Create a local MySQL instance

That’s it for the MySQL DBMS itself, the rest of the work for setting up our DB will be done in R.

Our data

In the {dplyr} 📦 we have a dataset starwars which has information for the characters.

I broke this dataset apart to create different tables containing subsets of the information so we can practise on:

Data Dictionary for the Star Wars Database
	Field Type	Notes
films
id	integer	Identification field for the film e.g. 5
films	string	Movie Name e.g. "The Empire Strikes Back"
year	double	Year movie was released e.g. 1980
vehicles
id	integer	Identification field for the vehicle e.g. 3
vehicles	string	Name of vehicle e.g. "Tribubble bongo"
starships
id	integer	Identification field for the starship e.g. 10
starships	string	Name of starship e.g. "Millennium Falcon"
characters
name	string	Character Name e.g. Leia Organa
height	integer	Height of character
mass	double	Mass of character
hair_color	string	Hair Color of character
skin_color	string	Skin Color of character
eye_color	string	Eye Color of character
birth_year	double	Birth Year of character
sex	string	Sex of character
gender	string	Gender of character
homeworld	string	Homeworld of character
species	string	Species of character
appearances
film_id	integer	Link into the films table, e.g. 4 (denoting character appeared in "A New Hope")
name	string	Character Name e.g. Leia Organa
vehicles_piloted
vehicle_id	integer	Link into the vehicles table, e.g. 3 (denoting character drove a "Tribubble bongo")
name	string	Character Name e.g. Obi-Wan Kenobi
starships_piloted
starship_id	integer	Link into the starships table, e.g. 10 (denoting character piloted a "Millennium Falcon")
name	string	Character Name e.g. Chewbacca
survey_levels
id	integer	Identification for the survey response e.g. 1
level	string	The survey response e.g. "Very unfavorably"
survey
respondent_id	integer	Identification for the survey respondent e.g. 3292879998
any_of_6	string	Did respondent watch any of the 6 movies? (Original 6 before reboot) - e.g.
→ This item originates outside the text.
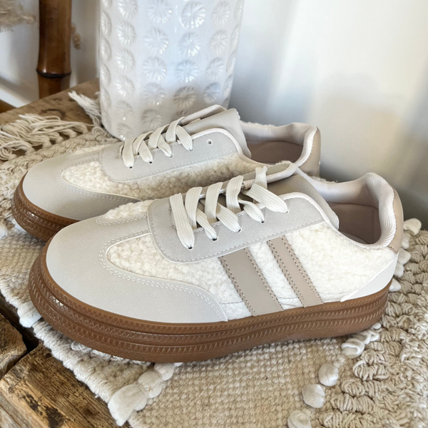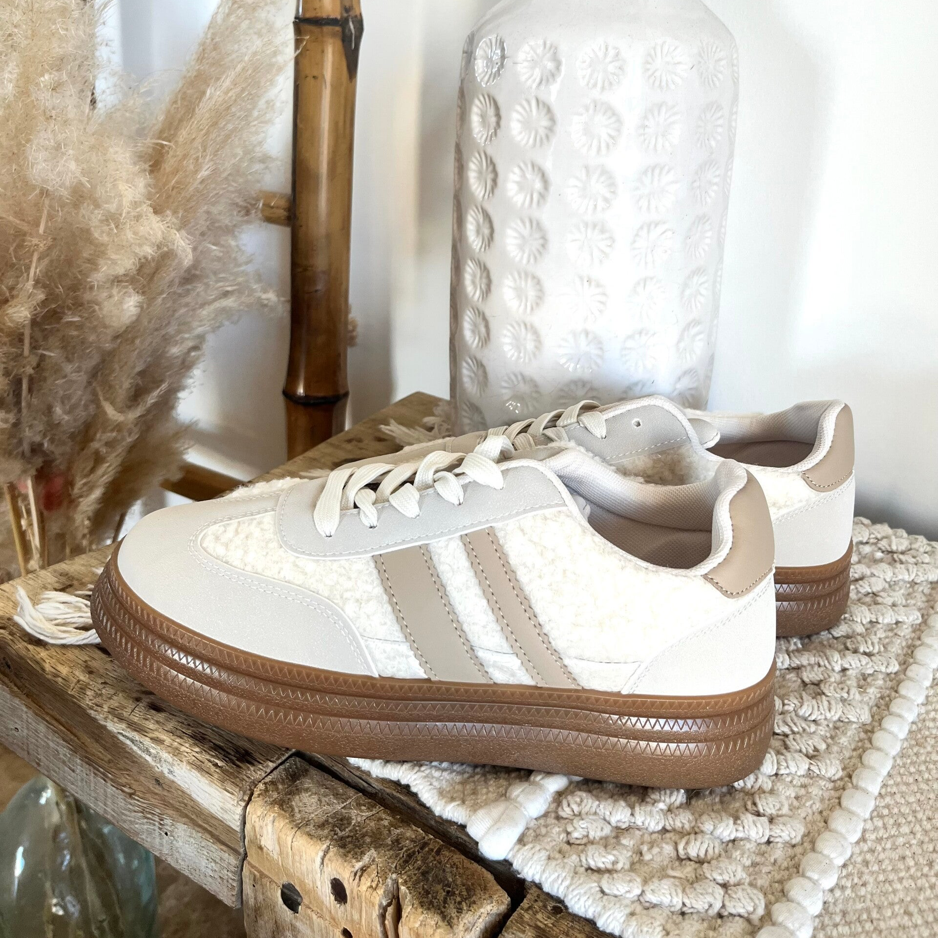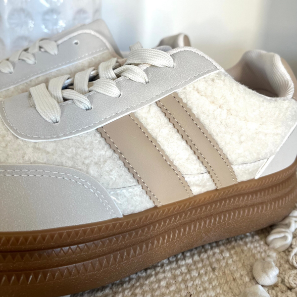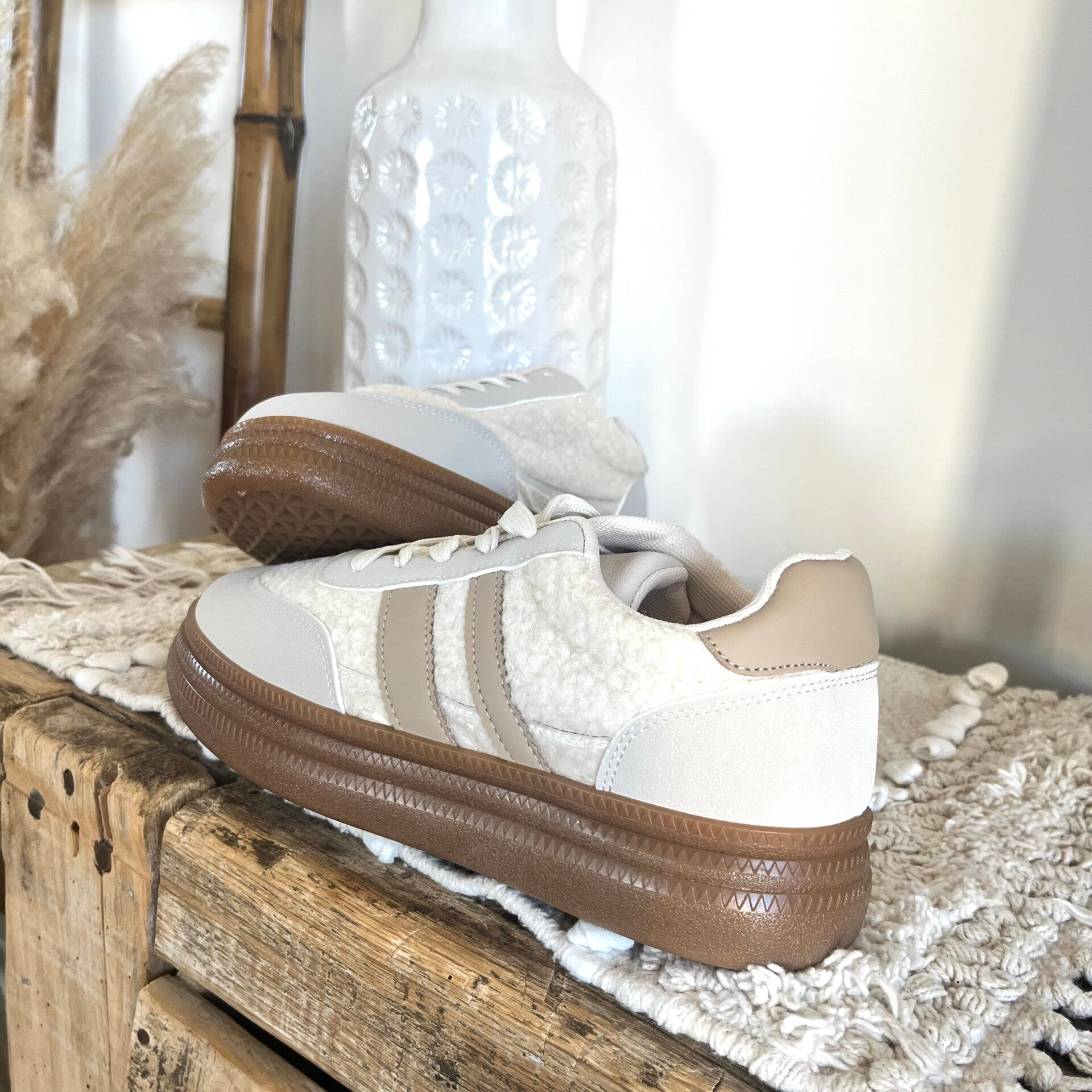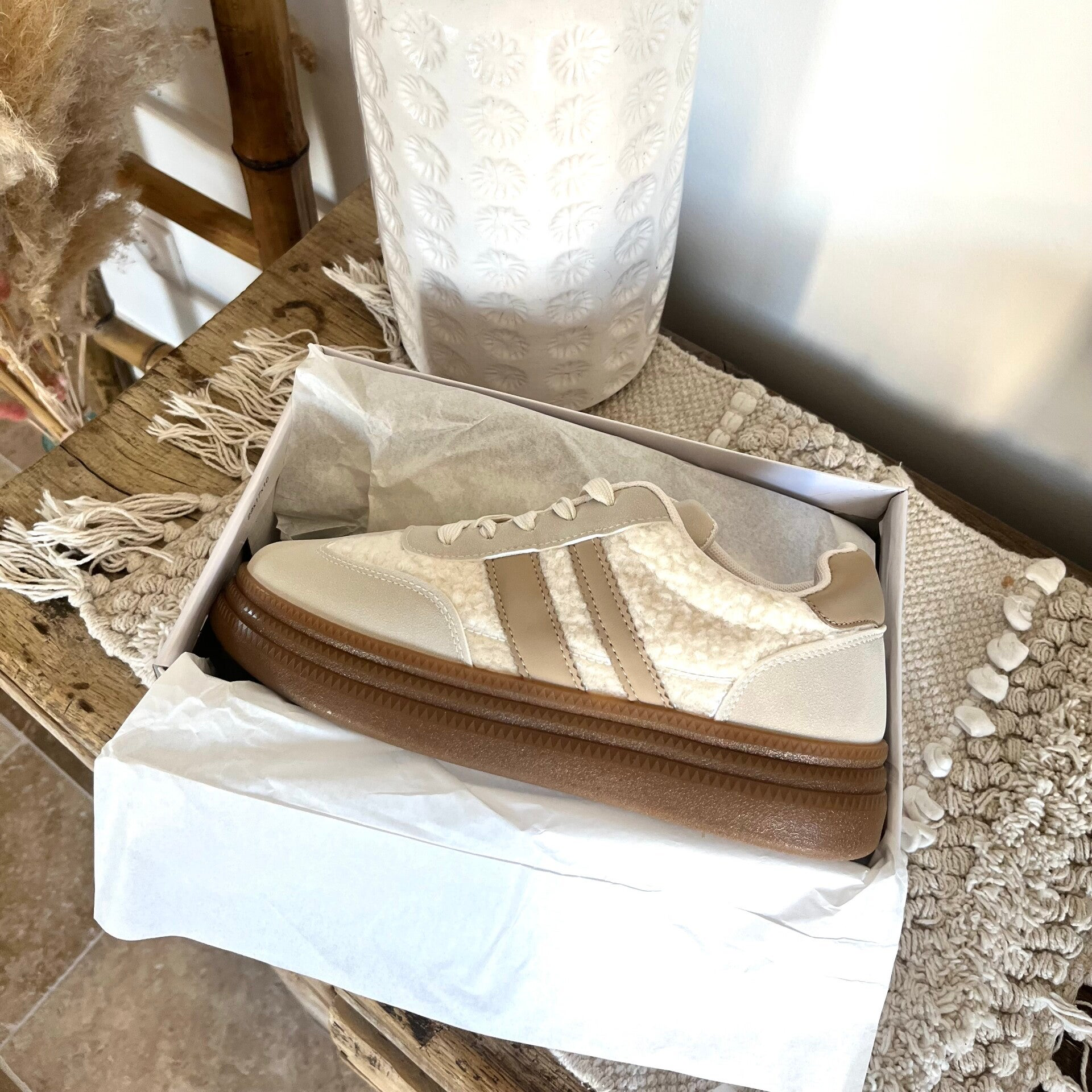 Craquez pour ces baskets basses à semelle gomme revisitées avec une doublure effet mouton ultra cosy. Leur allure sporty-chic s’associe parfaitement à un look urbain ou cocooning. Faciles à enfiler et idéales pour les journées fraîches, elles allient confort, chaleur et style. Un essentiel de la saison !

Yes, No
star_wars_fan	string	Is the respondent a star wars fan? - e.g. Yes, No
watched_The Phantom Menace	string	Did the respondent watch said movie? - e.g. Yes, No
watched_A New Hope	string	Did the respondent watch said movie? - e.g. Yes, No
watched_Attack of the Clones	string	Did the respondent watch said movie? - e.g. Yes, No
watched_Return of the Jedi	string	Did the respondent watch said movie? - e.g. Yes, No
watched_Revenge of the Sith	string	Did the respondent watch said movie? - e.g. Yes, No
watched_The Empire Strikes Back	string	Did the respondent watch said movie? - e.g. Yes, No
rank_A New Hope	double	How does the respondent rank the movie? 1=Best, 6 =Worst
rank_Attack of the Clones	double	How does the respondent rank the movie? 1=Best, 6 =Worst
rank_Return of the Jedi	double	How does the respondent rank the movie? 1=Best, 6 =Worst
rank_Revenge of the Sith	double	How does the respondent rank the movie? 1=Best, 6 =Worst
rank_The Empire Strikes Back	double	How does the respondent rank the movie? 1=Best, 6 =Worst
rank_The Phantom Menace	double	How does the respondent rank the movie? 1=Best, 6 =Worst
`Han Solo`	integer	Link into survey_levels table where 5 = Very favorably
`Luke Skywalker`	integer	Link into survey_levels table where 5 = Very favorably
`Leia Organa`	integer	Link into survey_levels table where 5 = Very favorably
`Anakin Skywalker`	integer	Link into survey_levels table where 5 = Very favorably
`Obi-Wan Kenobi`	integer	Link into survey_levels table where 5 = Very favorably
`Palpatine`	integer	Link into survey_levels table where 5 = Very favorably
`Darth Vader`	integer	Link into survey_levels table where 5 = Very favorably
`Lando Calrissian`	integer	Link into survey_levels table where 5 = Very favorably
`Boba Fett`	integer	Link into survey_levels table where 5 = Very favorably
`C-3P0`	integer	Link into survey_levels table where 5 = Very favorably
`R2-D2`	integer	Link into survey_levels table where 5 = Very favorably
`Jar Jar Binks`	integer	Link into survey_levels table where 5 = Very favorably
`Padme Amidala`	integer	Link into survey_levels table where 5 = Very favorably
`Yoda`	integer	Link into survey_levels table where 5 = Very favorably
who_shot_first	string	Han, Greedo, or "I don't understand the question"
know_expanded_universe	string	Does respondent know the expanded universe? Yes / No
fan_expanded_universe	string	Does respondent like the expanded universe? Yes / No
trekkie	string	Is respondent a Star Trek fan? Yes / No
Gender	string	Gender e.g. Male
Age	string	Age range e.g. 30-44
Household Income	string	Income range e.g. $50,000 - $99,999
Education	string	Education level e.g. Some college or Associate degree
Location (Census Region)	string	Location of respondent e.g. East South Central
franchise
franchise	string	Star Wars
revenue_category	string	Category of revenue generation e.g. Book sales
revenue_billion_dollars	double	Revenue earned from category, in billions of dollars
year_created	double	Year the franchise was created
original_media	string	Original media the franchise was released on e.g. Book, Film
creators	string	Who created the franchise
owners	string	The owners of the franchise

Create some tables

Here’s an example of how I created the films, and the associated appearances tables.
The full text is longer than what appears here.